◆ **What you will do**:
Return only the stretch of the material below that begins with the line containing "Дэйв Маклеод повторил" and ends with the line containing "Tekening zonder titel", exactly; both of those lines belong to it.
** Opening Provided entries block **
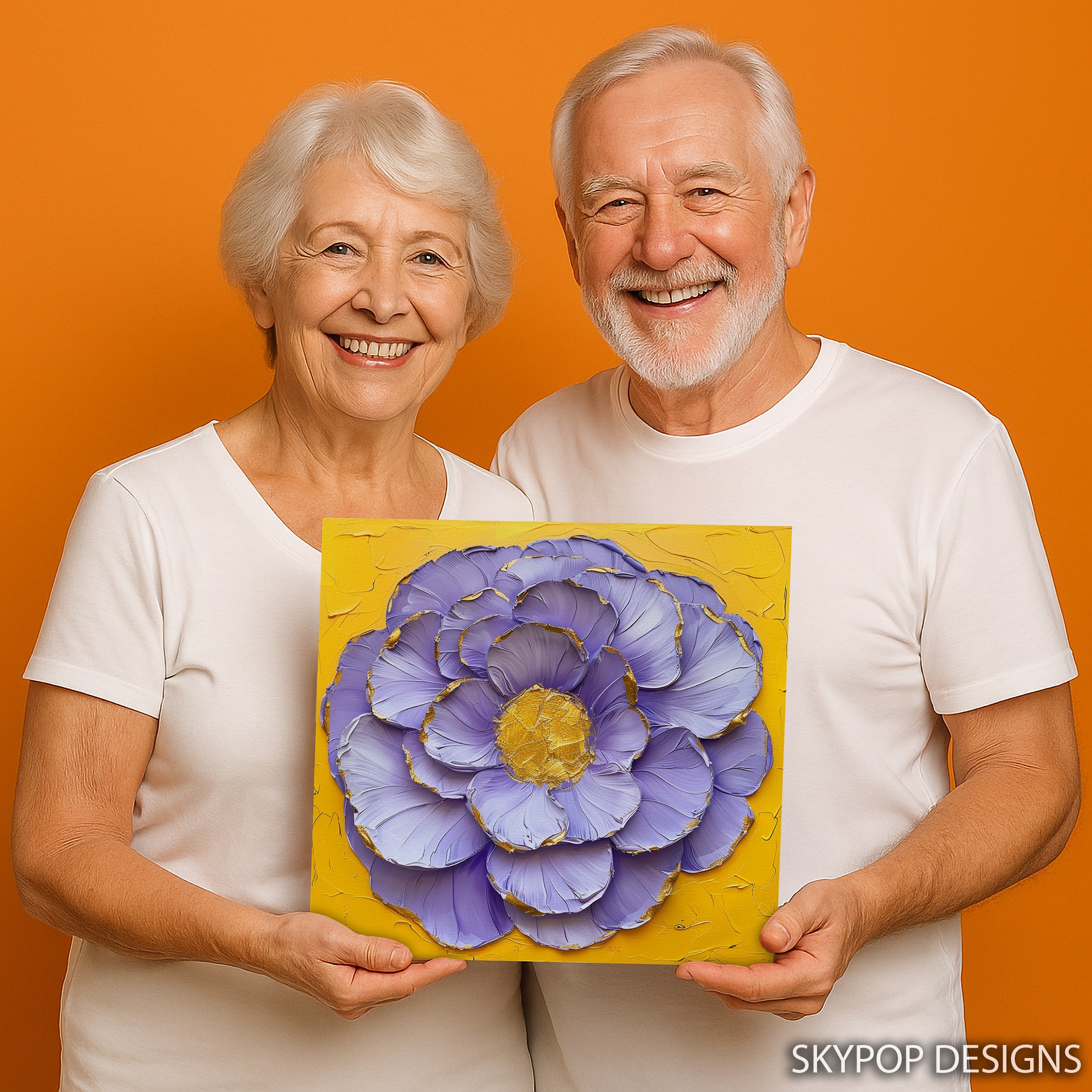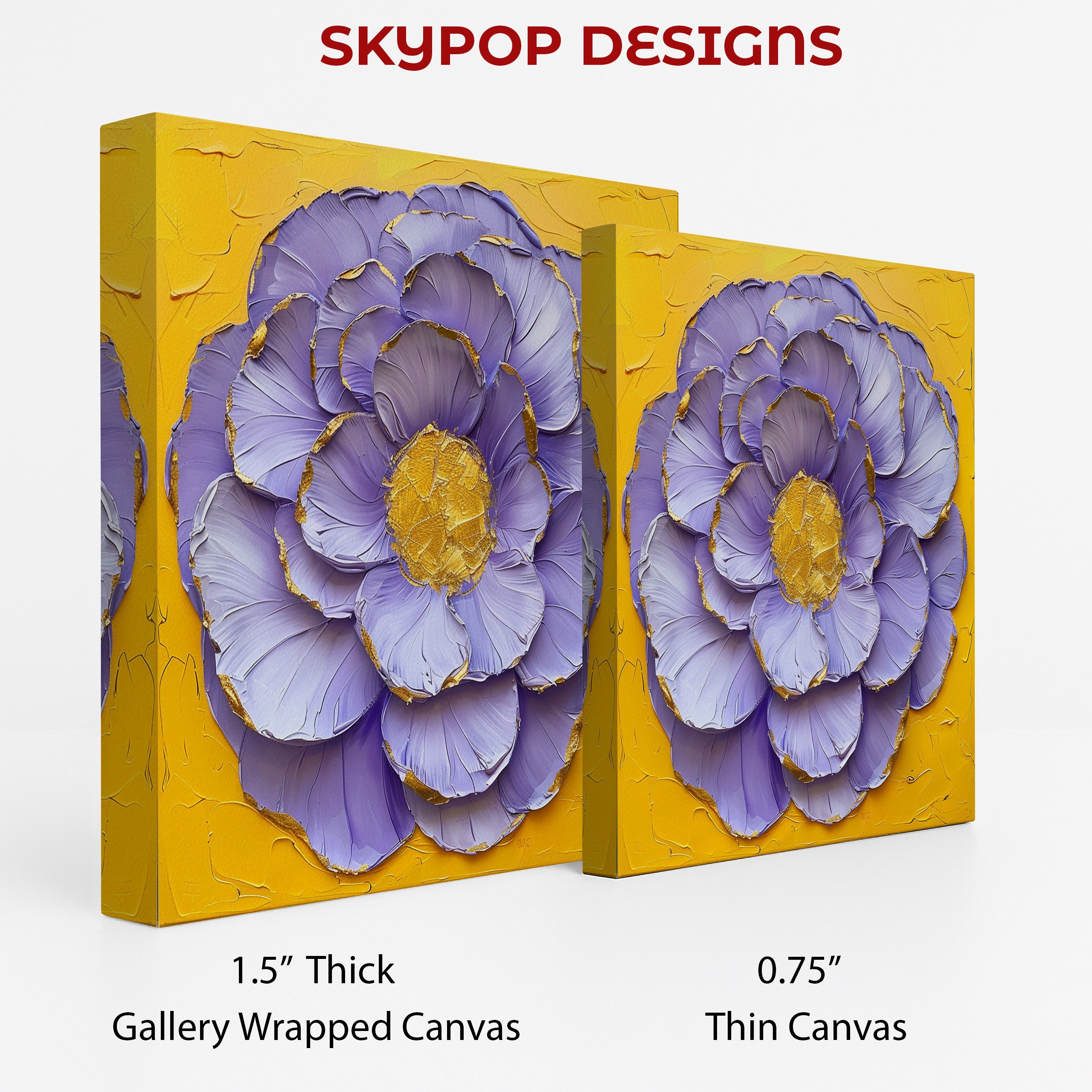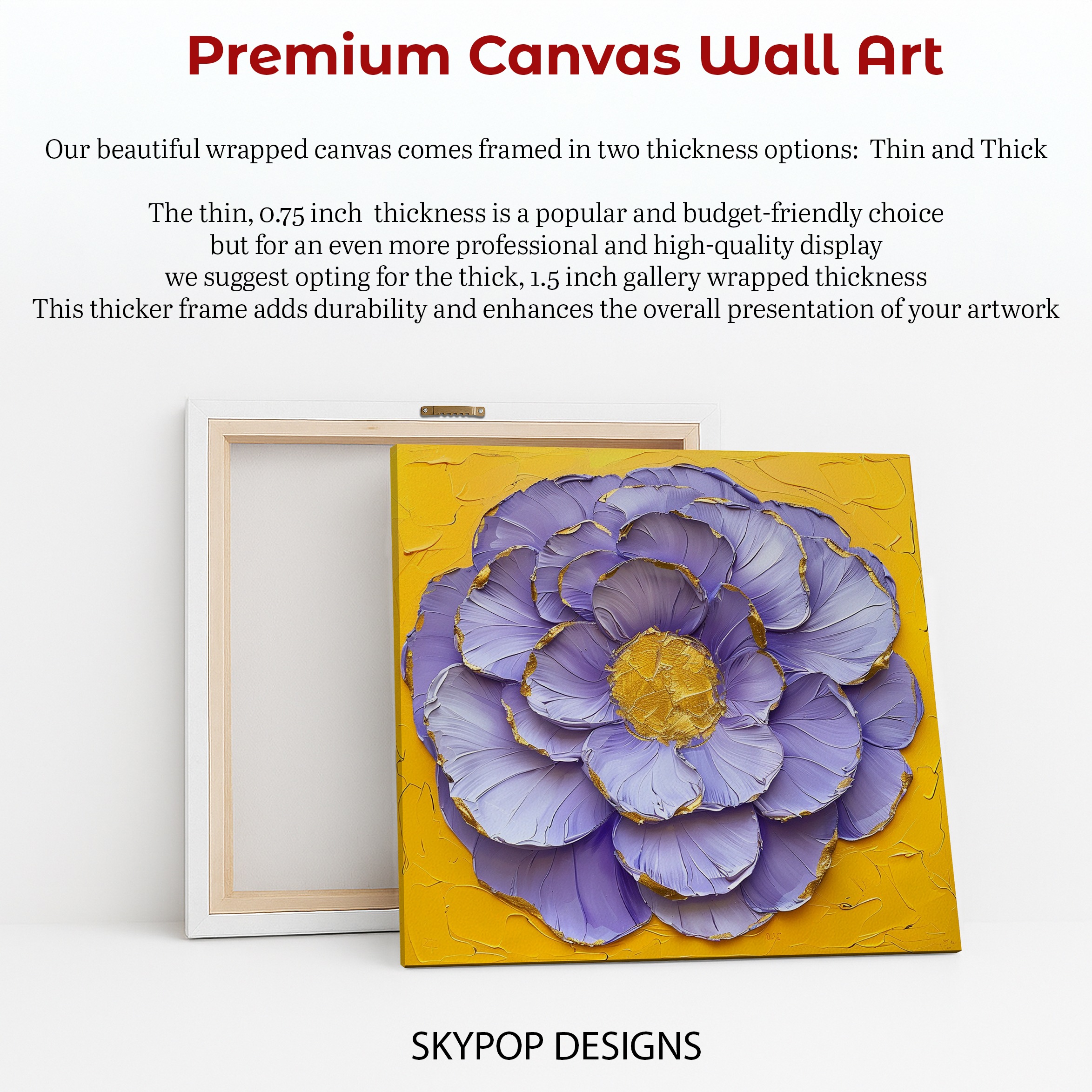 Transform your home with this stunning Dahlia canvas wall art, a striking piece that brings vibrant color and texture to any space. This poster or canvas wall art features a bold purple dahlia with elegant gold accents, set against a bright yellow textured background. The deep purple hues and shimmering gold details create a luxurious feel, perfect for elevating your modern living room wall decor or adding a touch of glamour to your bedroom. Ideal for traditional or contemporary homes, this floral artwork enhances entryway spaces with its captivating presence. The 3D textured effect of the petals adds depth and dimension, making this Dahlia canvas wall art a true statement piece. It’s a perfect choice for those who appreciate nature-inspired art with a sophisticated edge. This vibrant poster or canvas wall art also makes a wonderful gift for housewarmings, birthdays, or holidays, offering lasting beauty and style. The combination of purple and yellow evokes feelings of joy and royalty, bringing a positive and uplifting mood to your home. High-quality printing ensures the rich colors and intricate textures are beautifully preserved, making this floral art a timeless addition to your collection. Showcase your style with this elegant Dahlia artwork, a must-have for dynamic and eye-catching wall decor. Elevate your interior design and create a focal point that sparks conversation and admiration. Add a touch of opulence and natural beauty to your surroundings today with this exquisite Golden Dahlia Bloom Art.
** Closing Provided entries block **
** Opening Provided entries block **
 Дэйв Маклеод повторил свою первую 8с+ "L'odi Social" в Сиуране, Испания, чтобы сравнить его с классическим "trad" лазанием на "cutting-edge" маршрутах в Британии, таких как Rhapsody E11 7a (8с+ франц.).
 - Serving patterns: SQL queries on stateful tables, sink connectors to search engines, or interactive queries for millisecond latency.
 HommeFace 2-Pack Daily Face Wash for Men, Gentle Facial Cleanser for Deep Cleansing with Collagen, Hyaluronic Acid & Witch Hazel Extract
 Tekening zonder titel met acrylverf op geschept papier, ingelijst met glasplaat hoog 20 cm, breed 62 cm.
** Closing Provided entries block **
◆ **Response to this task**:
 Дэйв Маклеод повторил свою первую 8с+ "L'odi Social" в Сиуране, Испания, чтобы сравнить его с классическим "trad" лазанием на "cutting-edge" маршрутах в Британии, таких как Rhapsody E11 7a (8с+ франц.).
 - Serving patterns: SQL queries on stateful tables, sink connectors to search engines, or interactive queries for millisecond latency.
 HommeFace 2-Pack Daily Face Wash for Men, Gentle Facial Cleanser for Deep Cleansing with Collagen, Hyaluronic Acid & Witch Hazel Extract
 Tekening zonder titel met acrylverf op geschept papier, ingelijst met glasplaat hoog 20 cm, breed 62 cm.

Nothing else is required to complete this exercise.